Day four from the Bali UN Climate Conference brought an announcement from the United States delegation. Was it that they had decided to join Australia and become the final industrialized country to ratify the Kyoto Protocol? No. Was it that they were prepared to agree to targets and timelines for emissions reductions and join the Europeans and others in support of a 25% to 40% reduction target by 2020? I am afraid not. Their big announcement was that they have invited the world’s 17 largest greenhouse gas emitters to the second in their series of Major Economies Meetings, or as we like to call it, “The Big Emitters”.

It doesn’t come as a shock that their announcement was process and not substance, but to add insult to injury, they have made clear the meetings WILL NOT lead to country specific reduction targets.
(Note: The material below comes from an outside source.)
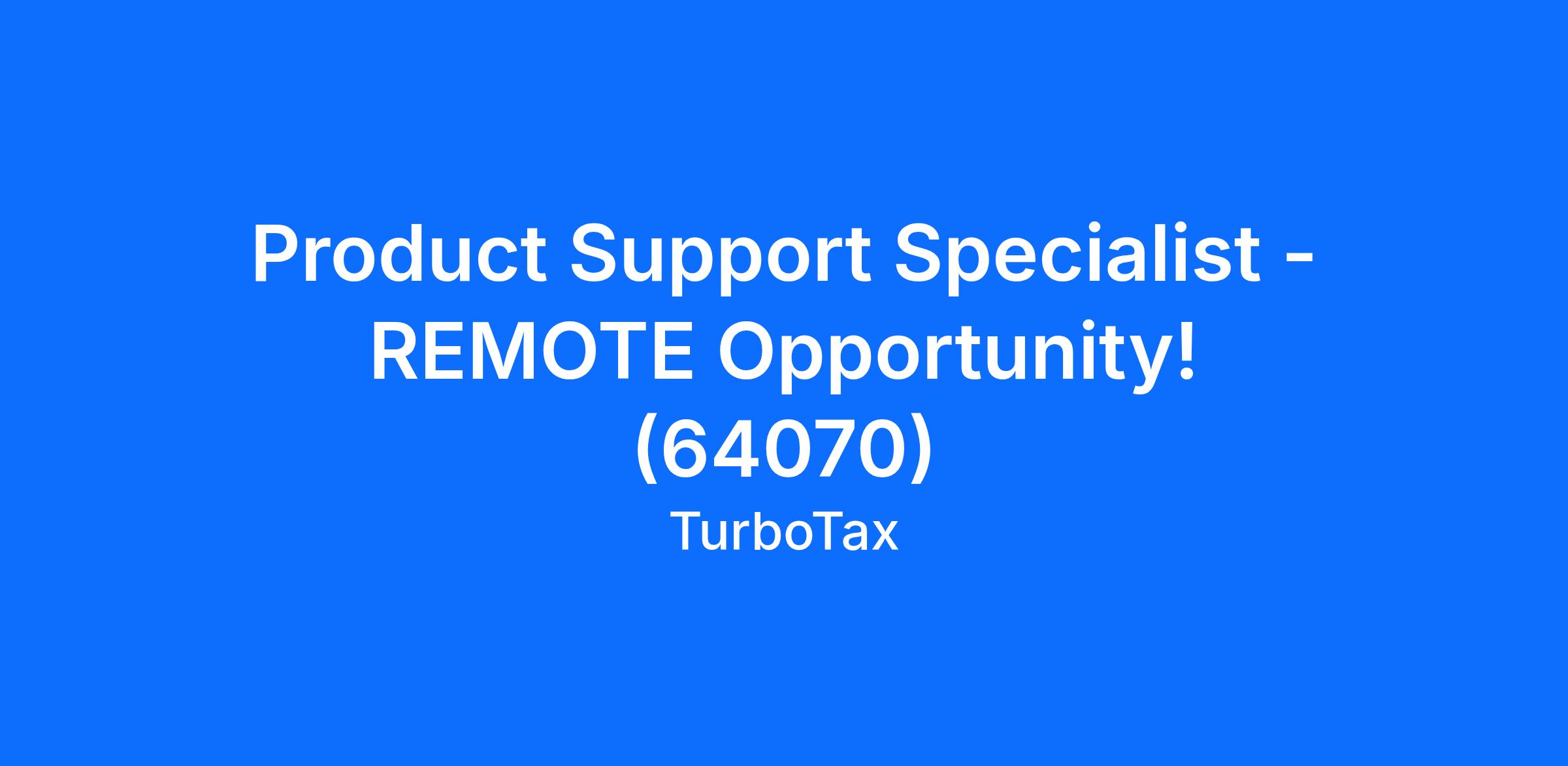 Product Support Specialist - REMOTE Opportunity! (64070)

It is simply a process to run out the clock on the Bush administrations final year in office. We understand that as of now, while the caterers and hotel rooms have been booked, none of the countries have yet RSVP’d.
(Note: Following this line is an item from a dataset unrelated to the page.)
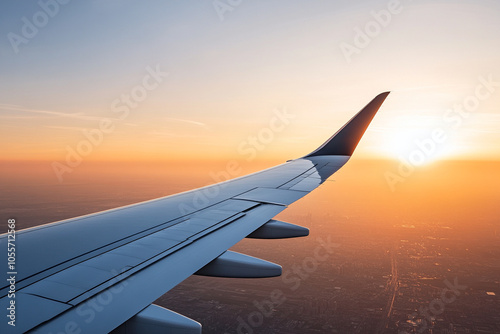 Airplane wing against a beautiful sunset view from the sky.

The second in the series of the Big Emitters meetings, this time scheduled for Hawaii, distracts from the process that will begin here in Bali. By the end of next week, in order for the Bali meeting to be considered a success, delegates must agree upon nothing short of a strong Bali Mandate. That Mandate must create a clear negotiation process that leads to an agreement for the second commitment period of the Kyoto Protocol by no later than 2009, This mandate must ultimately produce an agreement that with reduction levels for industrialized countries of at least 25% to 40% and broaden the number of willing to take on targets. President Bush’s Major Emitters meeting is simply a distraction from the process that will be required to produce this post 2012 Kyoto agreement.

Perhaps countries should consider sending low-level staff to the Major Emitters Meeting in January. Hawaii in January is a lovely place, and the lower level staff deserve a trip once in a while. But high level staff should stay home and work towards delivering the Bali Mandate. Time is short, and we cannot afford to waste it with meetings that blow nothing but hot air.